STAT 897D Project 2 - Final Draft

  • 1. Analyzing Gene Data Using a Logistic Model, LDA, QDA, KNN and a Logistic GAM Author: Jonathan Fivelsdal
  • 2. Analyzing Gene Data Using a Logistic Model, LDA, QDA, KNN and a Logistic GAM Introduction Genetics is a field in which data mining methods are used. Data from Brem and Kruglyak contains data on 231 active genes, 95 segregants (individuals) and time points for each segregant at time 0, 10, 20, 30, 40, 50 minutes. Using a subset of the original data, 122 genes are in the training set and 53 genes are in the validation set. Five methods used in this report to analyze gene expression data are logistic regression, LDA, QDA, KNN and logistic GAM. Protein-protein interactions (PPI) can be identified within the gene data using the model methods mentioned. Analysis and Results For each method, we obtain the posterior probabilities of interaction for the 7,381 gene pairs in the training data and will either be identified as being in class 1 (interacted) if they are in the top 200 most likely interacted pairs and into class 0 (not interacted) otherwise.
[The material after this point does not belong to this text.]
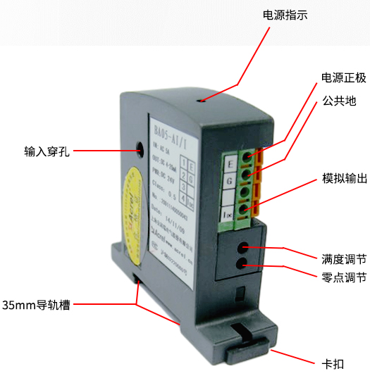 BA系列产品应用电磁感应原理,对电网中的交流电流进行实时测量,将其隔离变换为标准的直流信号输出。
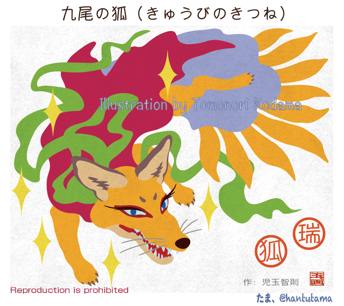 2 6 🎃おばけ・妖怪・もののけ図鑑👻Yokai 九尾の狐(きゅうびのきつね) 出没場所:山、宮廷 異称類縁:九尾狐狸、玉藻前 古代中国では邪を避け明君の代を示し(史書や『山海経』他)、古代日本でも神獣とされ、 『封神演義』の影響から近世以降は悪狐とみなされた #妖怪 #イラスト #Illustration #Yokai 22/10/13 20:09

The predictors used in each model are the mean of gene i (denoted as X1), variance of gene i (denoted as X2), mean of gene j (denoted as X3), variance of gene j (denoted as X4) and the covariance between gene i and gene j (denoted as X5). Logistic regression is used 1st. The model is 𝑦̂ = -14.124 + 0.494*X1 + 0.404*X2 + 1.435*X3 + 0.002*X4 – 0.084*X5. The X1, X2 and X3 variables are significant at a 95% confidence level. The predictors X4 and X5 have p-values of 0.984 and 0.387 and are not significant. The cutoff probability for the logistic model is 0.1721. Below is the confusion matrix when applying the logistic model on the training data: Confusion Matrix for Fitted Logistic Regression Model (Training Set) Actual Class 0 Actual Class 1 Predicted Class 0 7062 119 Predicted Class 1 122 78 For the training data, we have that the classification error is 3.27%, the sensitivity is 39.59% and the specificity is 98.30%. Below is the confusion matrix when the logistic model is applied on the validation data: Confusion Matrix for Fitted Logistic Regression Model (Validation Set) Actual Class 0 Actual Class 1 Predicted Class 0 1301 19 Predicted Class 1 34 24 For the test data, the classification error is 3.85%, the sensitivity is 55.81% and the specificity is 97.45%. Now we use LDA. The LDA model has the following coefficients for the five predictor model:
  • 3. Terms X1 X2 X3 X4 X5 Coefficients 0.352 0.294 1.033 0.081 0.045 The cutoff probability for the LDA model applied to the training data is 0.1450. Below is the confusion matrix for the training data that we obtain for the fitted LDA model: Confusion Matrix for Fitted Linear Discriminant Analysis Model (Training Set) Actual Class 0 Actual Class 1 Predicted Class 0 7051 130 Predicted Class 1 133 67 For the training data, the classification error is 3.56%, the sensitivity is 34.01% and the specificity is 98.15%. Below is the confusion matrix for the validation set data that we obtain for the LDA model: Confusion Matrix for Fitted Linear Discriminant Analysis Model (Validation Set) Actual Class 0 Actual Class 1 Predicted Class 0 1311 21 Predicted Class 1 24 22 For the test data, the classification error of 3.27%, the sensitivity is 51.16% and the specificity is 98.20%. Now we use QDA. The cutoff probability for the QDA model applied to the training data is 0.3514. Below is the confusion matrix for applying the QDA model on the training data: Confusion Matrix for Quadratic Discriminant Analysis Model (Training Set) Actual Class 0 Actual Class 1 Predicted Class 0 7055 126 Predicted Class 1 129 71 For the training data, we have that the classification error is 3.45%, the sensitivity is 36.04% and the specificity is 98.20%. The following is the confusion matrix for applying the QDA model on the validation data: Confusion Matrix for Fitted Quadratic Discriminant Analysis Model (Validation Set) Actual Class 0 Actual Class 1 Predicted Class 0 1307 19 Predicted Class 1 28 24 For the validation data, we have that the classification error is 3.41%, the sensitivity is 55.81% and the specificity is 97.90%.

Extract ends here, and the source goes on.